I think I may see him again.

Thursday, 9 July 2009

Plans

OK, now that the blog about pain got such a resounding response...!

The really painful stuff now is past. I am thankful. I also am thoughtful.

When you´re in pain, you cannot think about much of anything else, and why it´s there, and how long is it going to take, and what do I gotta do to make it go away?

Which means for five days or so I really dropped out of living life. I missed me.
I apologize to all the people whose mail and/or phone calls I delayed answering or completely forgot. (the mail was my decision. the telephone I blame on Movistar, my mobile phone provider. Their telephone sucks, and their service sucks.)

Now that I am back to feeling like myself, I can look forward to things again.
This week we may go to Valladolid to hear a guitarist play. Federico the guitar-building dude from Wisconsin is back in the neighborhood, and he´s bringing a guitarist from Burgos ´round tomorrow to visit. We have some cool pilgrims due in, including an Israeli kibbutznik and a trio of chanting Dominican monks.

Brian, a Pittsburgh boy who lives in Lucca, Italy, is coming soon to stay a little while. In August Gareth is coming back too, during his break for the Big Vatican Seminary. Johnnie Walker will hang out after his long hike from Madrid, and Adam Levin will bring his guitar here for a concert at the Moratinos fiesta in August. And in September me and Kathy and Piers will hike the Camino San Salvador once again, taking good notes this time for the Confraternity of St. James guide.

If you want to be trained here to be a hospitalero, I´ll be doing that in November. Let me know ASAP so I can properly prepare.

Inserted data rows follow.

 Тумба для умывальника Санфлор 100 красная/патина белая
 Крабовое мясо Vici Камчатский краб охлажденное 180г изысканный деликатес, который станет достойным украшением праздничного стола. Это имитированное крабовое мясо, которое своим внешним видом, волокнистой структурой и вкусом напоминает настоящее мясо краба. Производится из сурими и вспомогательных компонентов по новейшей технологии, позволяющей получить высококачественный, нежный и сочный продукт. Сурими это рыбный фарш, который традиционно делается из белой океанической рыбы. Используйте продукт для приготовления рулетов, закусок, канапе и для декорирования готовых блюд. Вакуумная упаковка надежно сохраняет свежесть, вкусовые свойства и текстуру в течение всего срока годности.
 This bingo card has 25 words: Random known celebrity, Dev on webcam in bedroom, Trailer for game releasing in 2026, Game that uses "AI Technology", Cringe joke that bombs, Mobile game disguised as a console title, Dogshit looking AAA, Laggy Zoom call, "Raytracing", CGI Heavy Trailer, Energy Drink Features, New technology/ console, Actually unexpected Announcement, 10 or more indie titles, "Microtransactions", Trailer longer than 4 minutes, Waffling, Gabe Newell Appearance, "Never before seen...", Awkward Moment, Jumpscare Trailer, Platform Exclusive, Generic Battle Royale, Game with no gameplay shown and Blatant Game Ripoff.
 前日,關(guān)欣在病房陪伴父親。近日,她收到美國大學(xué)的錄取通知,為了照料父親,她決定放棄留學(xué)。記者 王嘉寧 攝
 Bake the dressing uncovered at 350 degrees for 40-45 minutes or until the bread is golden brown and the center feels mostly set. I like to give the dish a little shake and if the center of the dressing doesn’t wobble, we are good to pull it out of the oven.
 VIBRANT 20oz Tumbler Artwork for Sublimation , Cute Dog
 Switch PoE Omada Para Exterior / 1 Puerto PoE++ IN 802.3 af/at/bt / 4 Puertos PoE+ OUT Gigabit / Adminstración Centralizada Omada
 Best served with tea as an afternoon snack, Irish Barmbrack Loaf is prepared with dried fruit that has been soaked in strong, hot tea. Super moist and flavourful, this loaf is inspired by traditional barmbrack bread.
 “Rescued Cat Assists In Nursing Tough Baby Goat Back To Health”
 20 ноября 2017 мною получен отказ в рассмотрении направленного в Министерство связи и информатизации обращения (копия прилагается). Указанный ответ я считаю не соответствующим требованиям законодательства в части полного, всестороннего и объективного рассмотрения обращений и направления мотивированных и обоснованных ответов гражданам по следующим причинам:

Somewhere in there, if the veterinarian is right, I will lose my friend Una Dog. (Or maybe I will not. Inspired by my neighbor Christy, I made a vow to God via San Roque: if Una´s alive and healthy next year, I will walk a whole honkin´ camino in thanksgiving. With you bloggers as my witnesses.)

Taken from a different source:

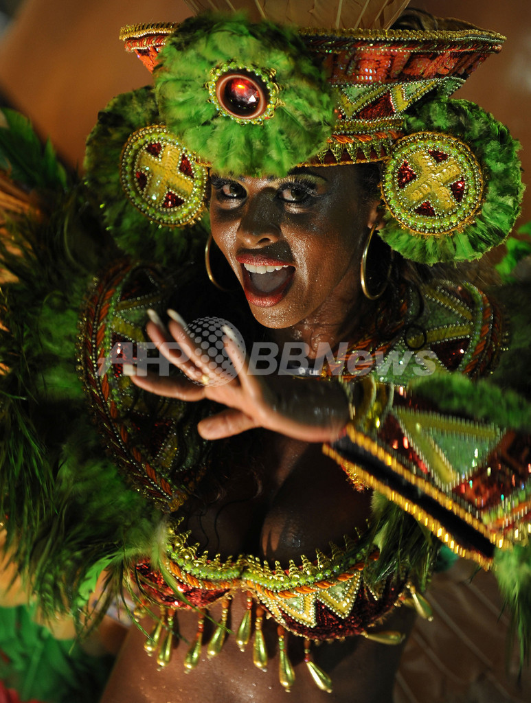 写真は、カーニバルで踊るサンバチーム「インペラトリス・レオポウジネンセ(Imperatriz Leopoldinense)」の女性メンバー(2010年2月14日撮影)。(c)AFP/VANDERLEI ALMEIDA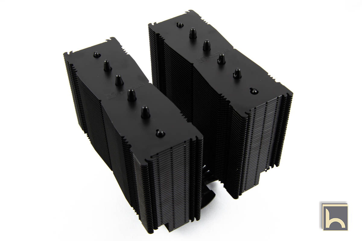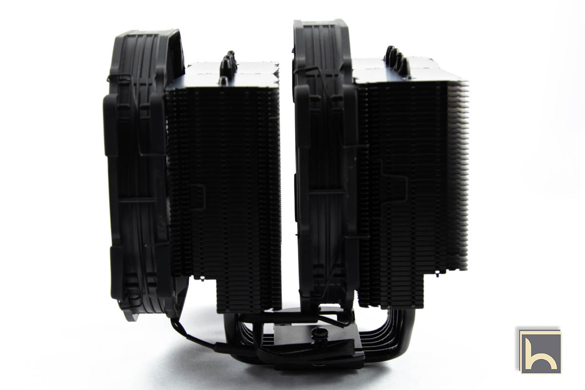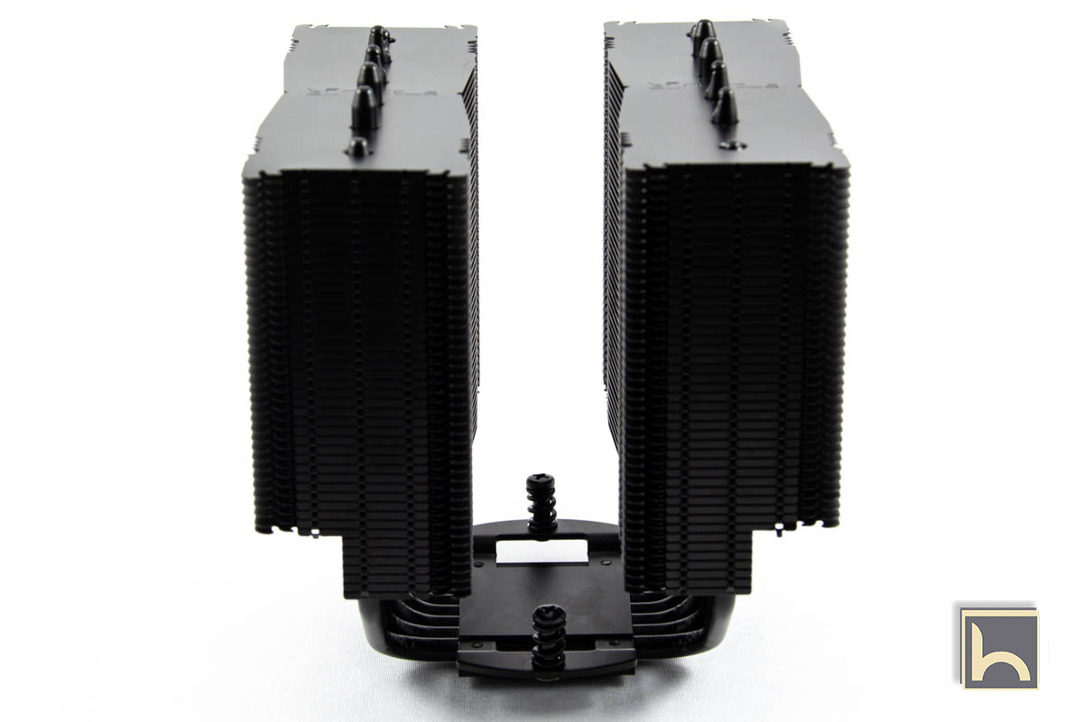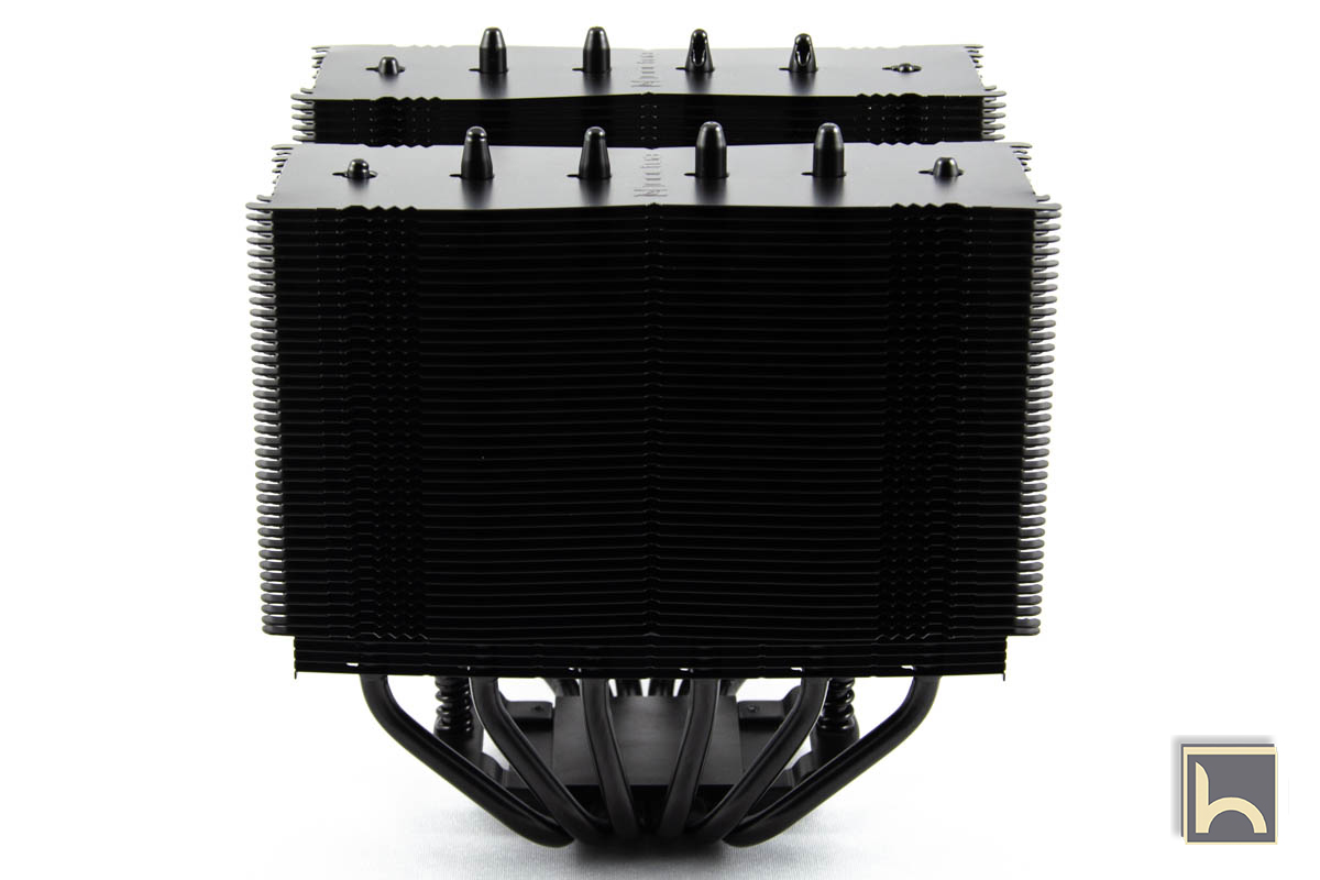 تصميم المبرد الهوائى NH-U12S chromax.black يعتمد على برج واحد بعرض 120 ملليميتر و أرتفاع 158 ملليميتر من القاعدة او 125 ملليميتر بدون القاعدة مكون من 50 شريحة الومنيوم لفاعلية التبريد

It is not very Buddhist to look so much into the future, because it´s really best to live right here, right now, in this moment. Ironically, I find that having a nasty pain is the best way to keep myself in the present -- not harking back to the hurts or triumphs of the past, and not driving myself toward something next week. Just existing. Just enjoying the happy faces of dogs, or the evening wind in the treetops, or the amazing sight of a great "dust devil" traveling across a freshly-cut field outside Sahagún, a huge, swirling column of swirling straw! The garden is producing green and yellow beans at a great rate, tomatoes are coming on strong, and wide acres of farm fields are now going brilliant yellow with the annual sunflower show.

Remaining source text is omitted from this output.